[Records from a collection]
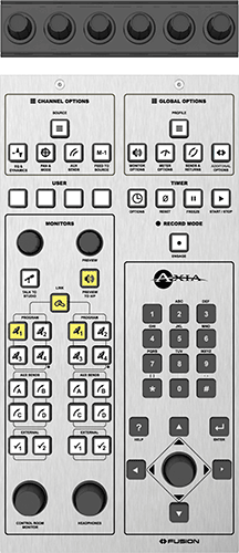 Module Master avec moniteur Deluxe, commandes de volume pour le casque et la prévisualisation, touches de sélection dédiées pour le programme, les envois auxiliaires ou le moniteur externe. Quatre touches utilisateur programmables pour le déclenchement de salves de routage, le contrôle des périphériques ou d'autres fonctions programmées sur mesure. Entrée numérique/cadran pour utilisation avec les modules Fusion Phone. Pavé de navigation pour le contrôle des options à l'écran ; les contrôles de délai de blasphème peuvent être reliés à une unité de délai externe. Inclut un ensemble de contrôle de pont SoftKnob. Occupe 4 positions de cadre. Un module de moniteur par console est nécessaire.
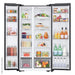 Refrigeradora Samsung Side By Side 20pc RS57DG4000M9AP, ofrece suficiente espacio para almacenar todos tus alimentos y bebidas. Su diseño interior está optimizado para organizar tus productos de manera eficiente, facilitando el acceso y evitando el desorden. Dale a tu hogar un aspecto elegante y sofisticado. El diseño pulcro y contemporáneo cuenta con una hermosa puerta plana minimalista con manijas empotradas.
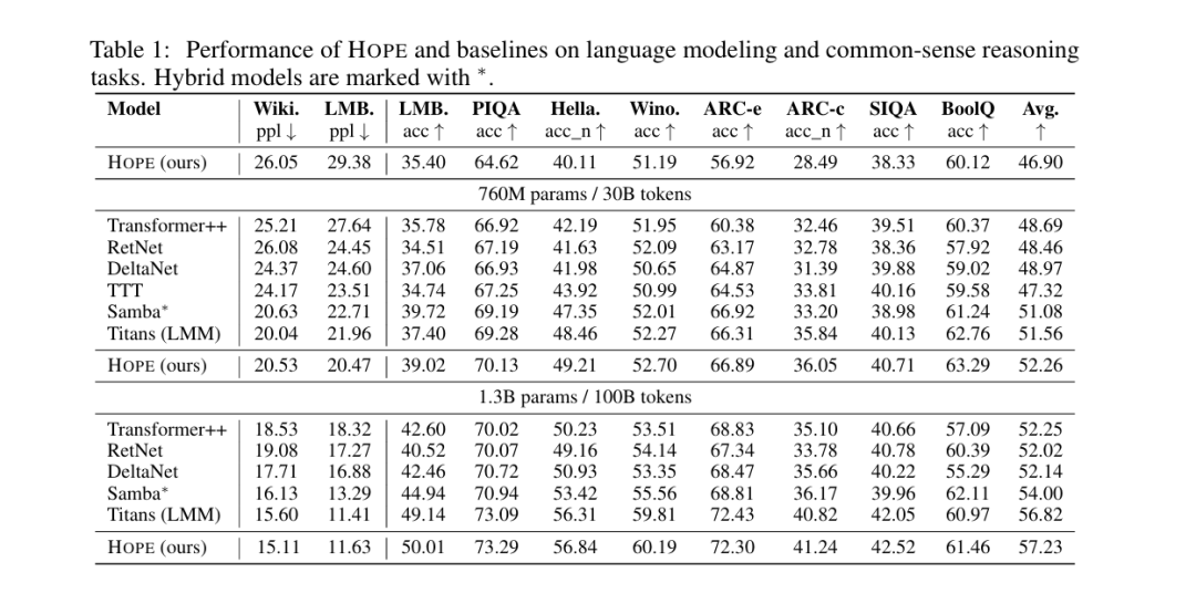 谷歌在语言建模和常识推理任务上做了大量实验,HOPE的表现全面超越了Transformer和其他主流架构(比如RetNet、DeltaNet、Titans)。
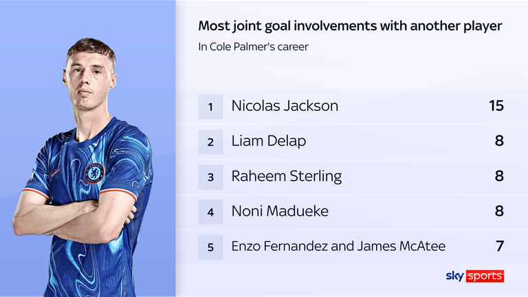 Palmer and Jackson have combined for a goal in seven different matches this season - and 15 overall since the latter moved to Stamford Bridge two years ago. The latest of those combinations came for the goal to put Chelsea ahead in the UEFA Conference League final.
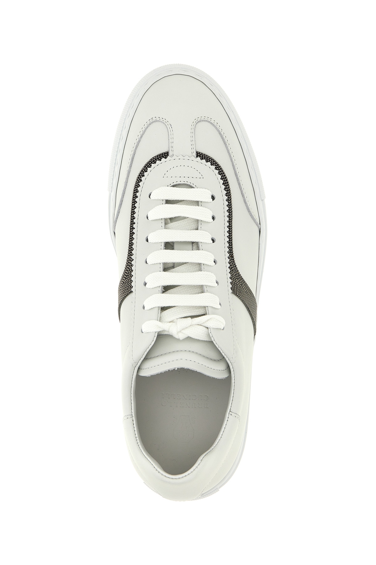 Leather sneakers with Precious Detail in Monile, laces, rubber sole.
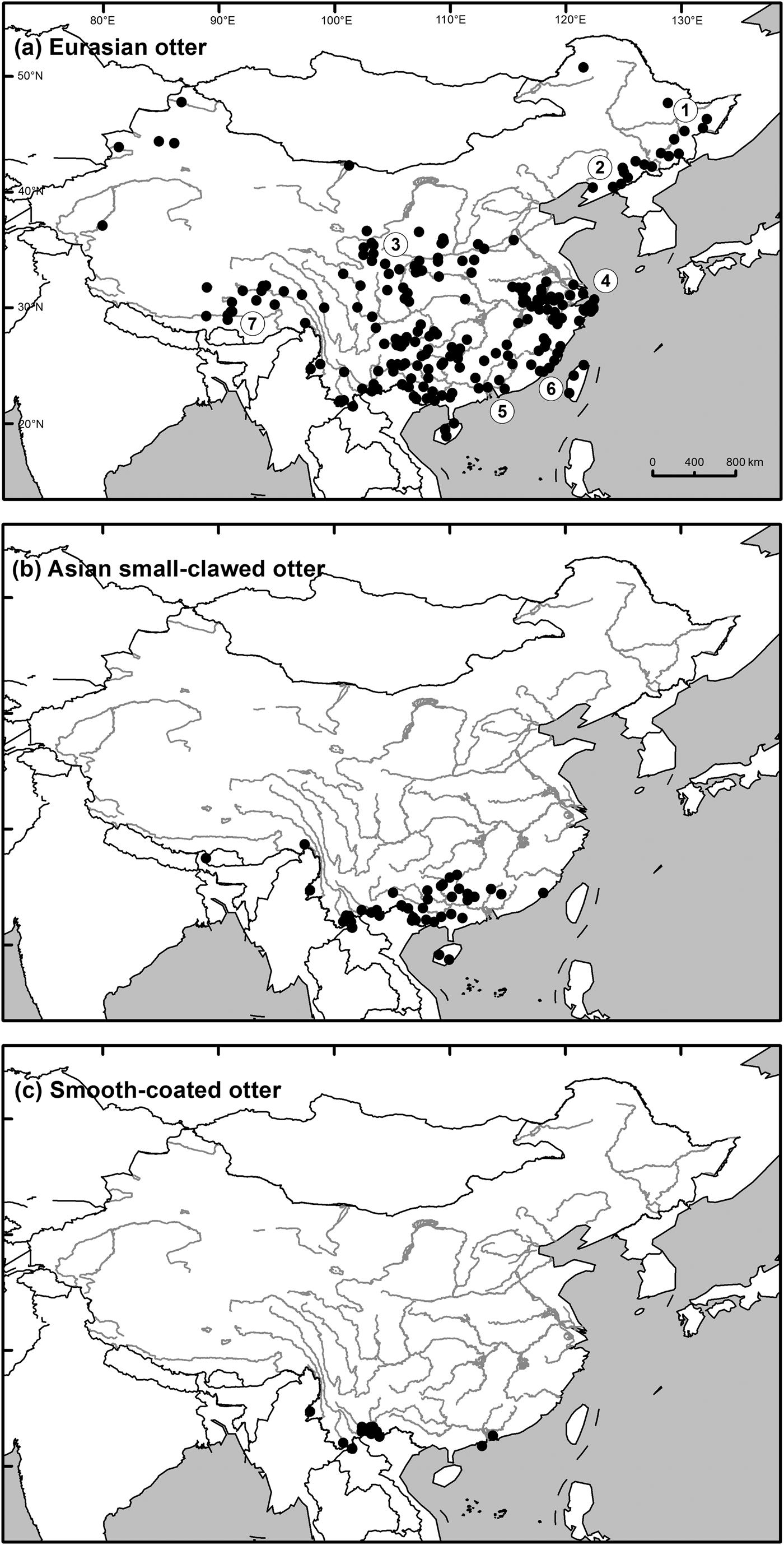 Fig. 1 Historical distribution (1950–2005) of (a) the Eurasian otter Lutra lutra, (b) the Asian small-clawed otter Aonyx cinereus, and (c) the smooth-coated otter Lutrogale perspicillata in China. Major river basins are numbered as follows: 1, Amur River; 2, Liao River; 3, Yellow River; 4, Yangtze; 5, Pearl River; 6, South-east coast; 7, Brahmaputra.
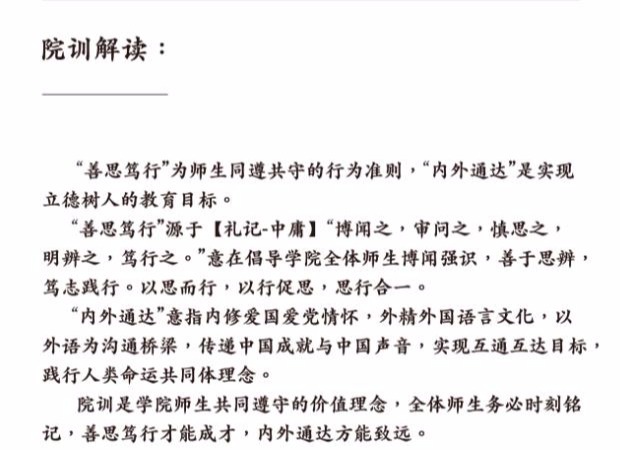 院徽和院训作为学院文化的载体,承载着外语学院的方向和使命、职责与担当,经过外国语学院师生的反复甄选和校内外专家的多轮反馈,最终定稿。启动仪式上,樊燕龙院长详细介绍了院训“善思笃信,内外通达”和院徽的内涵与意义,强调外院师生要砥砺志向,志存高远,成为心怀祖国、面向世界、学贯中外的国际化人才。
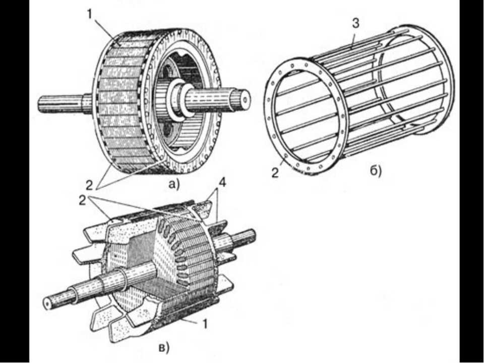 Стоит отметить, что не у всякого ротора есть обмотки, которые, в сущности, представляют собой электромагнит. Вместо них могут применяться постоянные магниты, как в бесщеточных двигателях постоянного тока. А у асинхронного двигателя с короткозамкнутым ротором обмоток в привычном виде вовсе нет, вместо них используются короткозамкнутые металлические стержни, но об этом ниже.
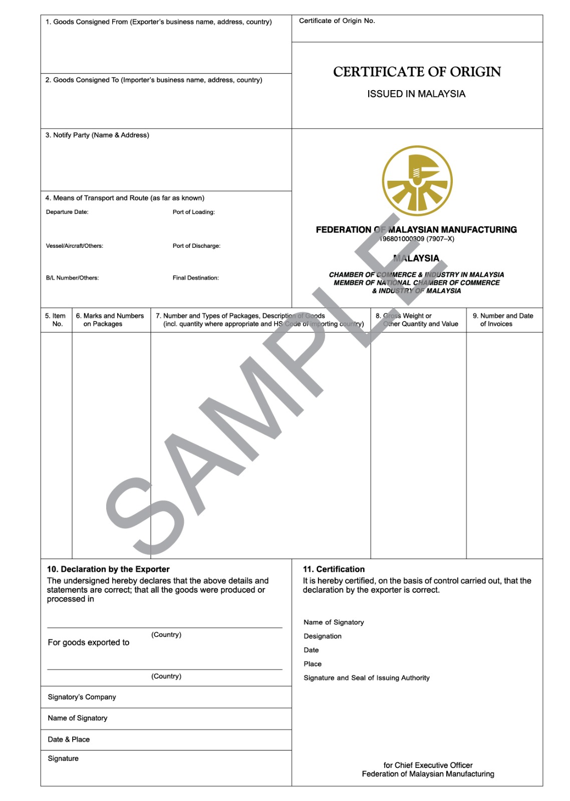 • Certificates of Origin endorsed by FMM are recognised and accepted by Customs
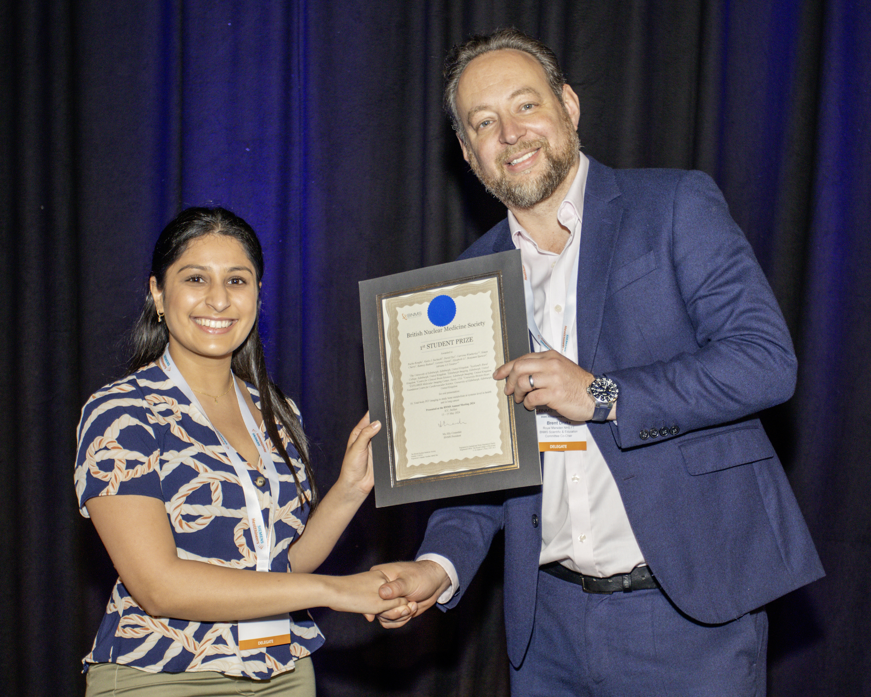 Physics Prize Sponsored by IPEM ![]() Oral Prize of £300 awarded to: Lenka Vávrová1,2,3, Jan Taprogge2, Dominic Rushforth2, Glenn Flux2, Iain Murray2 1St. George’s University Hospitals NHS Foundation Trust, Tooting, United Kingdom. 2Royal Marsden NHS Foundation Trust and Institute of Cancer Research, Sutton, United Kingdom. 3King’s College London, London, United Kingdom No. 60 “Machine learning for the prediction of radioiodine ablation outcome in differentiated thyroid cancer"

• Action item:
Output every line above exactly as it stands, and drop any picture.

• Response below:
 Module Master avec moniteur Deluxe, commandes de volume pour le casque et la prévisualisation, touches de sélection dédiées pour le programme, les envois auxiliaires ou le moniteur externe. Quatre touches utilisateur programmables pour le déclenchement de salves de routage, le contrôle des périphériques ou d'autres fonctions programmées sur mesure. Entrée numérique/cadran pour utilisation avec les modules Fusion Phone. Pavé de navigation pour le contrôle des options à l'écran ; les contrôles de délai de blasphème peuvent être reliés à une unité de délai externe. Inclut un ensemble de contrôle de pont SoftKnob. Occupe 4 positions de cadre. Un module de moniteur par console est nécessaire.
 Refrigeradora Samsung Side By Side 20pc RS57DG4000M9AP, ofrece suficiente espacio para almacenar todos tus alimentos y bebidas. Su diseño interior está optimizado para organizar tus productos de manera eficiente, facilitando el acceso y evitando el desorden. Dale a tu hogar un aspecto elegante y sofisticado. El diseño pulcro y contemporáneo cuenta con una hermosa puerta plana minimalista con manijas empotradas.
 谷歌在语言建模和常识推理任务上做了大量实验,HOPE的表现全面超越了Transformer和其他主流架构(比如RetNet、DeltaNet、Titans)。
 Palmer and Jackson have combined for a goal in seven different matches this season - and 15 overall since the latter moved to Stamford Bridge two years ago. The latest of those combinations came for the goal to put Chelsea ahead in the UEFA Conference League final.
 Leather sneakers with Precious Detail in Monile, laces, rubber sole.
 Fig. 1 Historical distribution (1950–2005) of (a) the Eurasian otter Lutra lutra, (b) the Asian small-clawed otter Aonyx cinereus, and (c) the smooth-coated otter Lutrogale perspicillata in China. Major river basins are numbered as follows: 1, Amur River; 2, Liao River; 3, Yellow River; 4, Yangtze; 5, Pearl River; 6, South-east coast; 7, Brahmaputra.
 院徽和院训作为学院文化的载体,承载着外语学院的方向和使命、职责与担当,经过外国语学院师生的反复甄选和校内外专家的多轮反馈,最终定稿。启动仪式上,樊燕龙院长详细介绍了院训“善思笃信,内外通达”和院徽的内涵与意义,强调外院师生要砥砺志向,志存高远,成为心怀祖国、面向世界、学贯中外的国际化人才。
 Стоит отметить, что не у всякого ротора есть обмотки, которые, в сущности, представляют собой электромагнит. Вместо них могут применяться постоянные магниты, как в бесщеточных двигателях постоянного тока. А у асинхронного двигателя с короткозамкнутым ротором обмоток в привычном виде вовсе нет, вместо них используются короткозамкнутые металлические стержни, но об этом ниже.
 • Certificates of Origin endorsed by FMM are recognised and accepted by Customs
 Physics Prize Sponsored by IPEM ![]() Oral Prize of £300 awarded to: Lenka Vávrová1,2,3, Jan Taprogge2, Dominic Rushforth2, Glenn Flux2, Iain Murray2 1St. George’s University Hospitals NHS Foundation Trust, Tooting, United Kingdom. 2Royal Marsden NHS Foundation Trust and Institute of Cancer Research, Sutton, United Kingdom. 3King’s College London, London, United Kingdom No. 60 “Machine learning for the prediction of radioiodine ablation outcome in differentiated thyroid cancer"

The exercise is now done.